Parts A and B of Figure show AR-SHS scattering patterns obtained for solutions of 300 nm diameter SiO2 particles at different pH values. The pH was adjusted through addition of NaOH and no additional salt was added to the solutions. Increasing pH promotes deprotonation of the silanol groups at the surface, leading to a larger negative surface charge density of the SiO2 particles. The solid lines are fits to eqs and 3, and the values for all experimental parameters used for the fits are summarized in the Supporting Information. The normalized SHS intensity directly relates to the number of oriented water molecules at the interface. Parts A and B of Figure show an increasing normalized SHS intensity with increasing pH. The obtained values of both Φ0 and χ(2) from the fits of PPP and PSS patterns are plotted in Figure C as a function of pH. Figure C also shows ζ-potential values measured by electrophoretic light scattering from the same samples. All values are summarized in Figure D for easier comparison. The negative valued ζ-potentials are almost unchanged from pH 5.7 to 11 (∼-38 mV). For these particles, the isoelectric point (ζ = 0 mV) is reached at pH = 3, as given by electrokinetic measurements. The surface potential has the same sign as the ζ-potential. However, contrarily to the ζ-potential, the obtained surface potential values vary as a function of pH showing two distinct behaviors: one where the ζ and Φ0- potentials are very close in magnitude (pH 5.7 and 10) and one where they deviate significantly. This behavior is also shown in the obtained χ(2) values: pH 11 shows positive values of χ(2), corresponding to water hydrogen atoms oriented toward the surface, while milder pHs (5.7 and 10) show negative values of χ(2), corresponding to water hydrogen atoms oriented away from the surface, and oxygen atoms facing the surface.

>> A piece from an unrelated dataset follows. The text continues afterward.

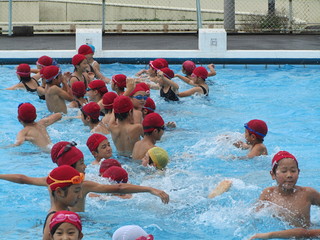 最後の水泳の時間は着衣水泳を行っています。今日は4年生でありました。
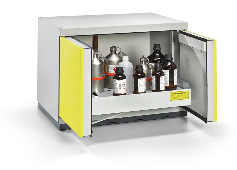 Die Sicherheitsschränke der UTS line sind die Lösung für feuergeschützte Lagerung von brennbaren Flüssigkeiten direkt am Einsatzort – unter der Arbeitsfläche. Stellen Sie sich aus den unterschiedlichen Größen und vielseitigen Zusatzoptionen die für Sie passende Lösung für Ihre Lagersituation zusammen.

We also performed similar measurements at constant pH while varying the ionic strength. Parts A and B of Figure show SHS scattering patterns for solutions of 300 nm diameter SiO2 particles at pH 10, where different amounts of NaCl were added. In this case, the surface charge density is mainly expected to be set by the presence of NaOH and to a minor extent by the additional Na+ ions, which can facilitate the deprotonation of surface silanol groups through electrostatic screening and stabilization of the SiO– group.[50] On the basis of values of surface charge densities measured for a fixed pH and different NaCl concentrations,[50] this latter effect can be estimated to ∼10% of the total deprotonation and will depend on the range of salt concentration and the size of the particles, as well as the nature of the cation.[30,51] It can be seen that the normalized SHS intensity decreases with increasing salt concentration, indicative of a decrease in the amount of ordered water molecules around the surface of the SiO2 particles. Figure C shows the obtained fit values for the surface potential and the second-order susceptibility element representative of the molecular orientation of interfacial water. The measured ζ-potential values are also plotted. All values are summarized in Figure D. For the two lowest salt concentrations both potentials are similar in magnitude. For 1 and 10 mM NaCl, however, the magnitude of the surface potential becomes much higher than the ζ-potential. Another interesting observation is that the sign of χ(2) changes when salt is added. In the case where no salt is added at a fixed pH of 10, a negative sign of χ(2) indicates a situation where water molecules are mostly oriented with their hydrogen atoms away from the surface. With the addition of NaCl, and even for the smallest quantity (0.1 mM), the sign of this parameter is inverted and points to a shift in the water orientation, where the hydrogen atoms are oriented toward the surface.

Simulation Results

Computer simulations provide molecular details of the interface and help the experiment in deciphering the contribution of oriented water molecules at a given distance from the surface to the nonlinear optics signal (i.e., χ(2) or Φ0). Because a model of ∼300 nm diameter colloidal SiO2 is not available, we utilized our model of the flat (101) quartz surface (see Materials and Methods). The flat geometry is well justified by the large size of the colloidal particles, and the terminations by silanol groups are similar in both cases,[52] though more defects must be expected for amorphous and spherical particles. The density of silanol groups for perfect (101) quartz (5.8 OH/nm2 for neutral surface, 5.1 OH/nm2 for −0.12 C/m2 negative surface[40]) is close to the value 4.9 OH/nm2 reported for amorphous silica.[53]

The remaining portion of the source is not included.